### Work to complete
Exclude the pictures, and otherwise reproduce the data in full.

======== Data to process

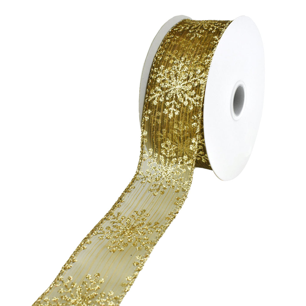 Metallic Glitter Christmas Snowflake, Stripe Sheer Wired Ribbon, 1-1/2-Inch, 10-Yard
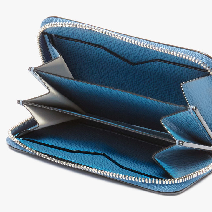 ジップ式のミニウォレット。豊富なカラーバリエーションを展開しています。内側にはブランドの象徴であるV字カットが施されたクレジットカードホルダー2つ付き。コバと呼ばれる革をカットした端の部分はヴァレクストラ独自の染料”Costa”を手作業で何層にも塗り重ねて磨き上げました。
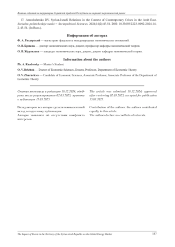 17. Антощенко Д. В. Сирийско- израильские отношения в контексте современных кризисов на араб ском Востоке // Социально- политические науки. 2024. Т. 14, № 2. С. 45-54. 10.33693/2223-0092 2024-14-2-45-54. DOI: 10.33693/2223-00922024-14-2-45-54 EDN: GPKUIW
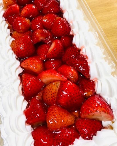 母がコストコフェアでとても大きいケーキを買ってきてしまいした。
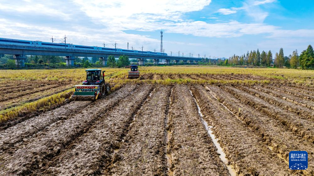 图为在吉安市吉水县八都镇毛家村,农机手驾驶耕种肥一体机播种油菜。(廖敏 摄)

================

### Task solution
 Metallic Glitter Christmas Snowflake, Stripe Sheer Wired Ribbon, 1-1/2-Inch, 10-Yard
 ジップ式のミニウォレット。豊富なカラーバリエーションを展開しています。内側にはブランドの象徴であるV字カットが施されたクレジットカードホルダー2つ付き。コバと呼ばれる革をカットした端の部分はヴァレクストラ独自の染料”Costa”を手作業で何層にも塗り重ねて磨き上げました。
 17. Антощенко Д. В. Сирийско- израильские отношения в контексте современных кризисов на араб ском Востоке // Социально- политические науки. 2024. Т. 14, № 2. С. 45-54. 10.33693/2223-0092 2024-14-2-45-54. DOI: 10.33693/2223-00922024-14-2-45-54 EDN: GPKUIW
 母がコストコフェアでとても大きいケーキを買ってきてしまいした。
 图为在吉安市吉水县八都镇毛家村,农机手驾驶耕种肥一体机播种油菜。(廖敏 摄)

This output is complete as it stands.